A world class city deserves world-class food at its international airport, right? After all, LAX saw nearly 7.8 million international passenger arrivals through June of this year. What kind of cuisine to they see, smell and taste? Burger King, Chili's and Cinnabon, to name a few.

Embarrassing? A little. And the Board of Referred Powers, a five-member panel made up of City Council members, had a chance to make it right by approving a bid by SSP America that would have allowed more foodie like ventures, including Nick & Stef's Steakhouse, Market Cafe, Geisha House, Panda Express, La Serenata de Garibaldi, Red Mango, Park's Korean BBQ, Peet's Coffee, Border Grill Taqueria and Spuntino, to hold court in LAX's terminals.
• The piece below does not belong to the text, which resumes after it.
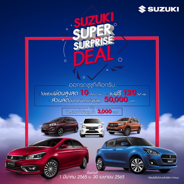 สำหรับการจัดแคมเปญพิเศษ “SUZUKI SUPER SURPRISE DEAL” เพื่อผลักดันยอดขาย รวมเพื่อเป็นการขอบคุณและตอบแทนความไว้วางใจของผู้บริโภคที่มอบให้แก่ซูซูกิ และมีความต้องการอยากเป็นเจ้าของรถยนต์สักหนึ่งคันที่มีความคุ้มค่าทั้งในเรื่องของราคาและการใช้งาน เป็นรถที่สามารถเข้าถึงและตัดสินใจได้ง่ายมากยิ่งขึ้นอีกด้วย ซึ่งเราเชื่อว่ารถยนต์จะเป็นปัจจัยหนึ่งที่มีความสำคัญในการดำรงชีวิตในปัจจุบัน

The body voted SSP down, leaving the status quo at LAX for now.

As LA Weekly food blog editor Amy Scattergood notes, “Nick & Stef's and Market Cafe are Joachim Splichal restaurants, and that Spuntino is Nancy Silverton's proposed focaccia shop.”

We're talking star chefs here. Bon appetit right?
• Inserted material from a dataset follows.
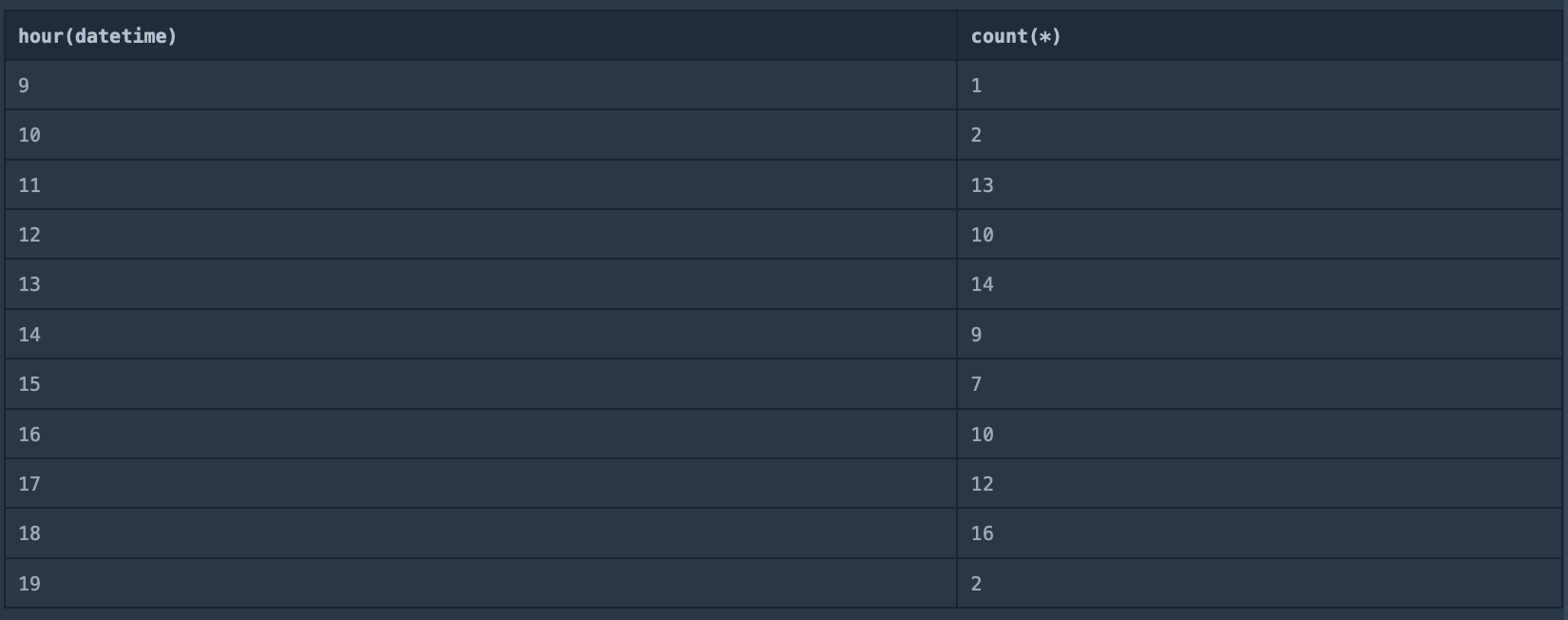 SELECT hour(datetime),count(*)

Apparently not for the board's palette, which prefers that the generic-sounding HMS Host keeps the $600 million-a-decade or so worth of LAX concessions for now.
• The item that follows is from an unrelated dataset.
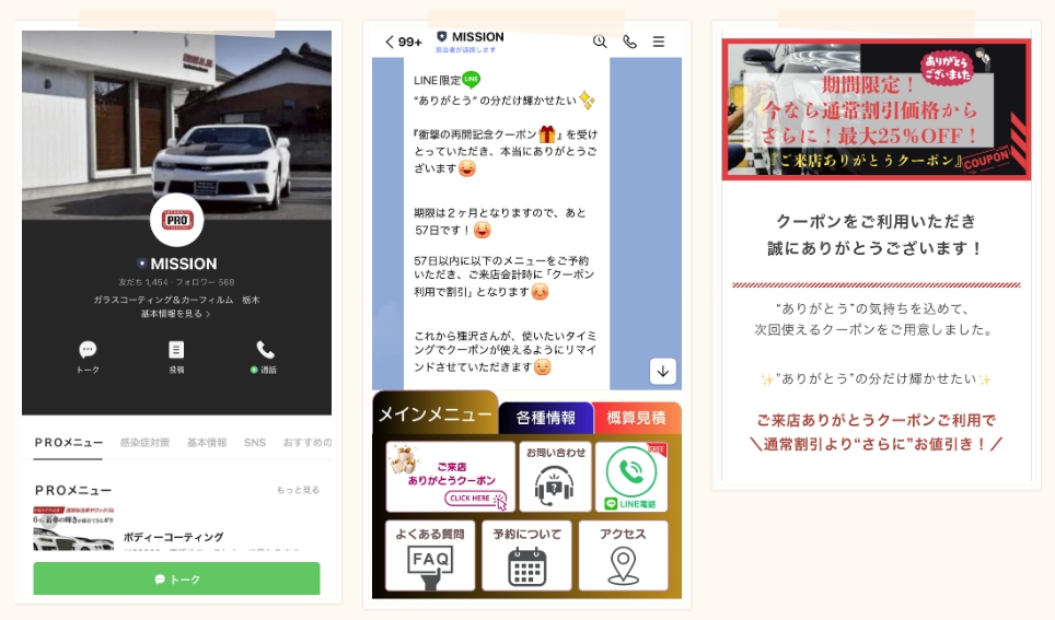 車コーティングのお客様のLINE公式アカウントとプロラインフリーを構築しました。

Interestingly the move was made under the guise of avoiding a conflict of interest. As LA Weekly's Gene Maddaus reported previously, LAX Executive Director Gina Marie Lindsey recommended a no vote on SSP over concerns that it “had worked with an architecture company called SmartDesign, and since Smart Design had also helped LAX design the request for bids, that should eliminate SSP from the running,” according to Maddaus.

We're having a hard time swallowing it. All we want is decent food at LAX. Yeah?